Picked this up a couple weeks ago.


----------



## timor (Apr 4, 2013)

COOL ! Looks like it is in pristine condition, what lens on it ? Are you new to 4x5 ?


----------



## rickmarquez (Apr 4, 2013)

Yeah the whole kit is pretty flawless.

On the camera now is a Schneider-Kreuznach Symmar-S 210mm &#402;/5.6
I also have a Caltar II-N 150mm &#402;/5.6

I'm totally new to 4x5 so I don't know how good or not so good these lenses are. I got a bunch of film holders, a scanner, a developing tank, sync cable and a new pack of Portra in the deal too.
I'm looking forward to having some fun with this one.


----------



## Rick58 (Apr 4, 2013)

Both lenses are desent lenses. LF is a fun, different world.


----------



## Mully (Apr 4, 2013)

Shooting with a view camera is a treat...... this is when I wish I still shot film!   Post some work when you get something


----------



## duhast (Apr 4, 2013)

Very cool. I hate you.... (jk)


----------



## 2WheelPhoto (Apr 4, 2013)

Nice!


----------



## rickmarquez (Apr 4, 2013)

I'm really excited to do some portraits with this for the new portfolio. 
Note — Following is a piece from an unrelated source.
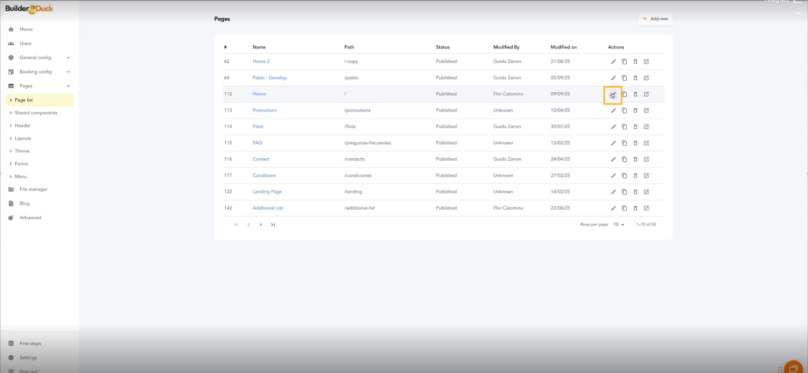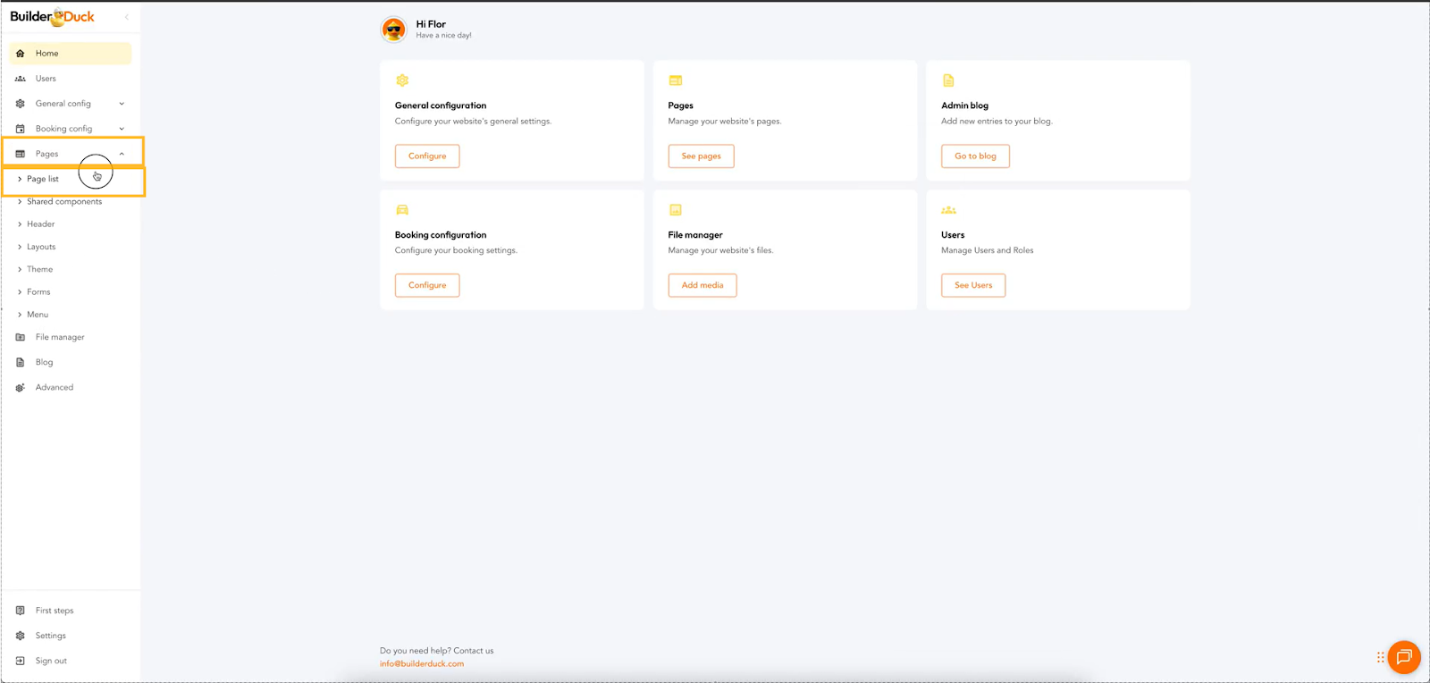 Para traduzir uma página no BuilderDuck, acesse Páginas e selecione Lista de Páginas.

Here are the first two shots with it. I messed up when loading the film in or out of the holder so that's the what the big light leak is from on these





One shot with each lens just to try it out.


----------



## Derrel (Apr 5, 2013)

ttp://www.largeformatphotography.info/forum/showthread.php?80093-CALTAR-S-II-210mm-f5-6-Vs-Schneider-Kreuznach-Symmar-210-5-6


----------



## dxqcanada (Apr 5, 2013)

Don't feel self conscious in public with a black sheet over your head !!


----------